Andate e insegnate è il titolo della raccolta delle omelie che il Vescovo Alberto Silvani ha pubblicato dal 2022 al 2025 sul Corriere Apuano. Il titolo riprende l’esortazione che Gesù rivolge ai discepoli nell’inviarli in missione ( Mt 28,19-20), nel portare all’uomo il messaggio sul Regno di Dio.
La raccolta si articola nei tre cicli annuali, in cui a variare sono i testi biblici. Nel primo anno si legge il Vangelo secondo Matteo, nel secondo quello di Marco, nel terzo quello di Luca, mentre quello secondo Giovanni lo ritroviamo in tutti tre gli anni.

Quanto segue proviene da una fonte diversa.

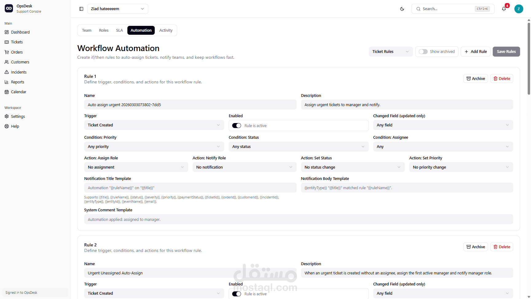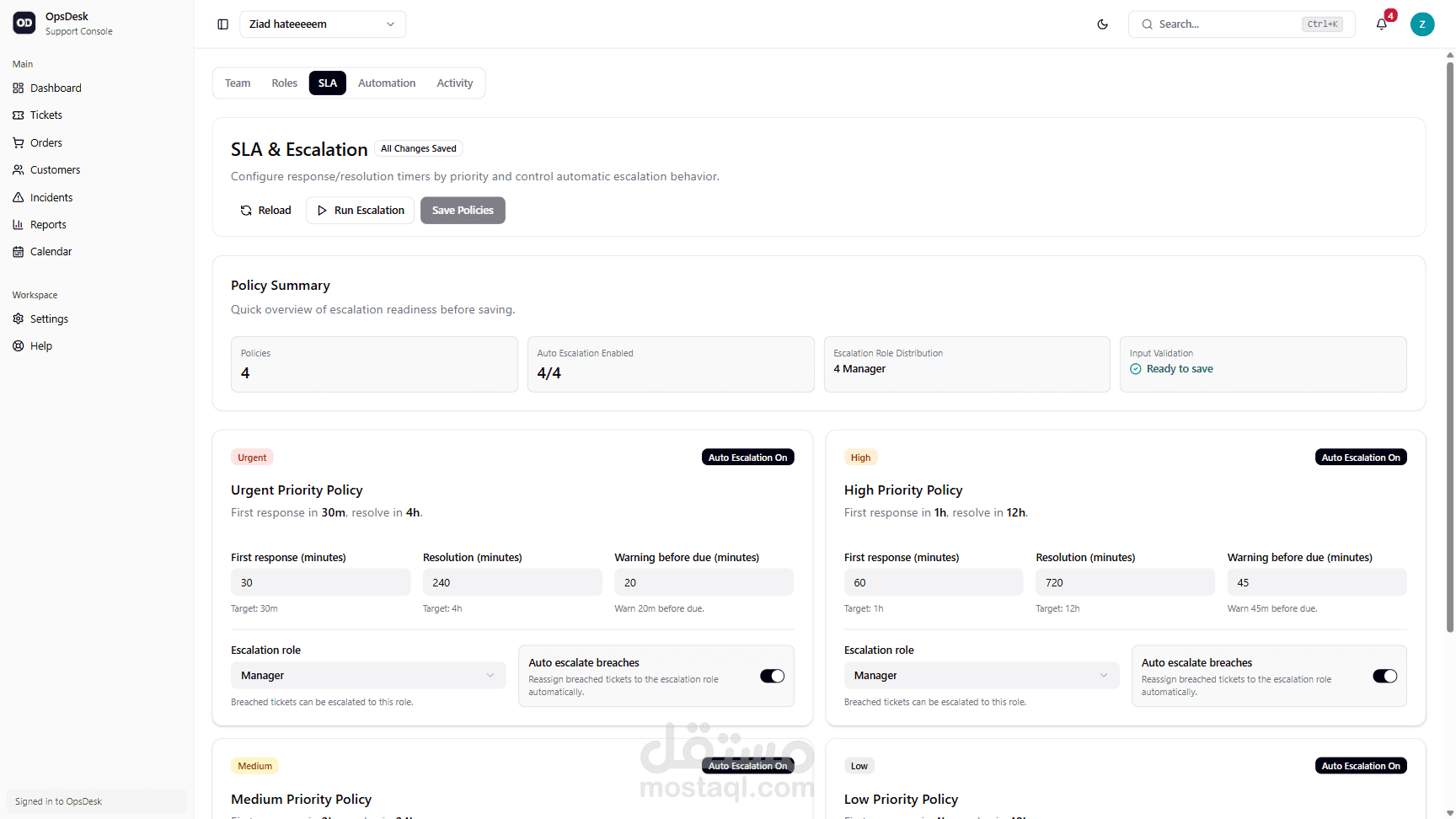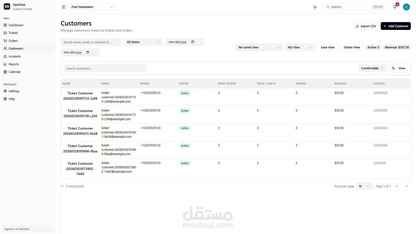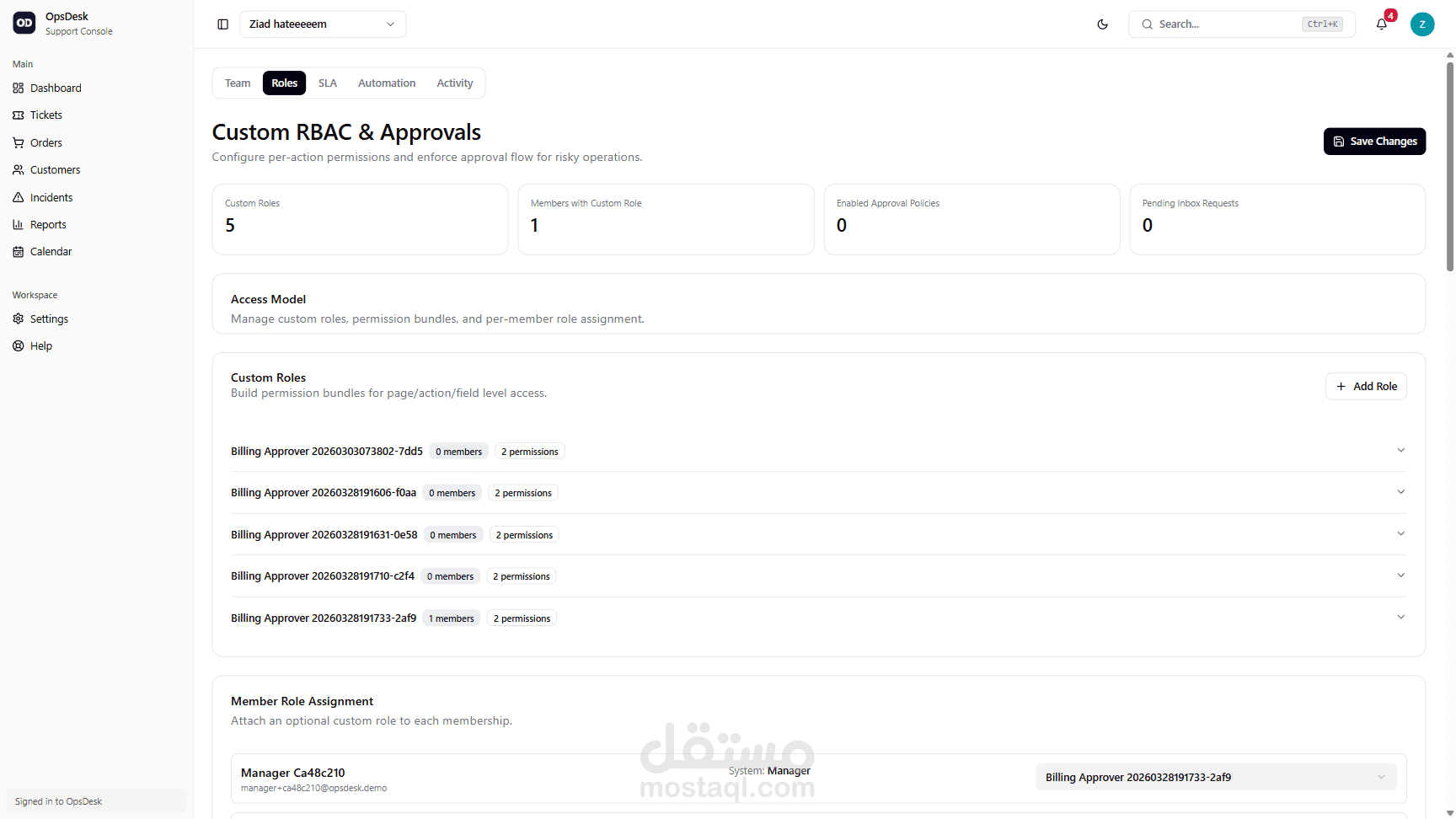 تدعم المنصة إدارة عدة شركات داخل نفس النظام مع عزل كامل للبيانات، بالإضافة إلى نظام صلاحيات يحدد وصول كل مستخدم، وإدارة تذاكر الدعم، ومتابعة العملاء والطلبات، والتكامل مع Stripe، والتحديثات اللحظية، وإدارة الحوادث مع صفحة حالة عامة، وبوابة خاصة للعملاء، ولوحات تقارير، وسجل تدقيق لمتابعة العمليات الحساسة.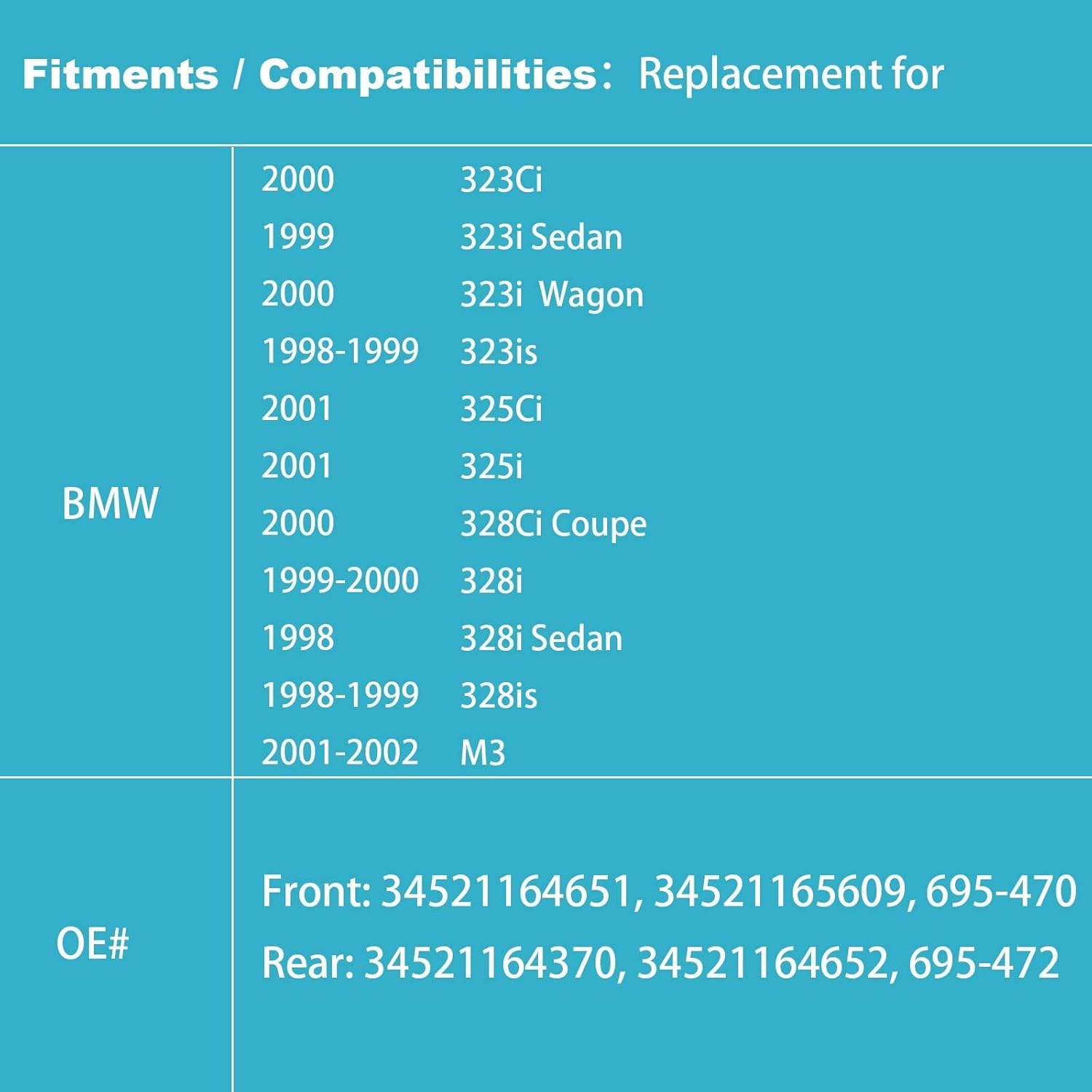 Compatível com os modelos 2000 323Ci, 328Ci, 1998-1999 323is, 1999-2000 323i, 328i, 1999 323iC, 328is, 328iC, 2001 325Ci, 325i, 330i e 2001-2002 M3, é fundamental verificar a descrição para mais informações sobre compatibilidade. Os números de peça OEM (Peça de Equipamento Original) para substituição são: Frontal 3421165609, 34521164651, 34521165609 e Traseiro 34521164370, 34521164652. Este produto é um substituto direto, garantindo um encaixe adequado e uma instalação fácil.

Le omelie non sono “prediche” come per tanto tempo si è detto e si continua a dire, la predica sa di moralismo, di raccomandazione, talvolta di imposizione sulle spalle degli altri di pesanti fardelli che neppure noi stessi siamo in grado di portare.
La parola omelia deriva dal verbo latino “homileo” che significa “conversare” “confrontare”, quindi non è un discorso che cade dall’alto, ma un intrattenimento con la Parola di Dio che ci interpella nella vita di ogni giorno.
Compito urgente di chi tiene l’omelia è prepararla, non improvvisarla. Le omelie sono delle narrazioni e i loro tempi sono quelli della natura. Come già le feste ebraiche, anche quelle cristiane seguono i ritmi dell’anno solare, hanno il respiro delle stagioni e della terra, della semina e del raccolto.

L’omelia è parte integrante della Celebrazione Eucaristica, è un atto che realmente introduce nell’oggi di Dio, fa partecipi delle sue gesta salvifiche avvenute nella storia una volta per tutte.
Come tutte le narrazioni, la liturgia cristiana e l’omelia che ne è parte integrante hanno un centro: il mistero Pasquale di Passaione, Morte e Risurrezione di Cristo. La Domenica è il giorno di questa Pasqua settimanale, il Giorno del Signore. A partire da questo centro focale, che è anche il cuore del Credo Cristiano, l’anno liturgico manifesta di Domenica in Domenica la grande narrazione “del nuovo ed eterno Testamento” di cui parla la preghiera centrale della Messa, cioè dell’indissolubile legame nuziale tra Dio e l’umanità.
L’Avvento, il Natale, l’Epifania, il Battesimo di Gesù, la Quaresima, l’Ascensione e la Pentecoste sono la trama di questa storia avvenuta “secondo le Scritture”, come sottolinea san Paolo, creata dalla potenza della Parola di Dio. La liturgia è allora culmen et fons, punto di arrivo e di partenza della vita cristiana.
Spesso si sente dire dalla gente: “È più importante aiutare un povero, far visita ad un malato, fare un’opera buona, che andare alla Messa”. Dietro questa obiezione si nasconde una tendenza che è molto diffusa anche fra i cristiani, una tendenza che, in fondo, tradisce un problema di fede.
In altre parole, se faccio un’opera buona, mi sento utile, se vado alla Messa, mi sembra di rimanere passivo e di essere inutile. Questo perchè siamo portati a pensare che l’azione visibile sia efficace, mentre quella invisibile sia inefficace. L’azione di Dio, infatti, non si vede, mentre quella dell’uomo si vede.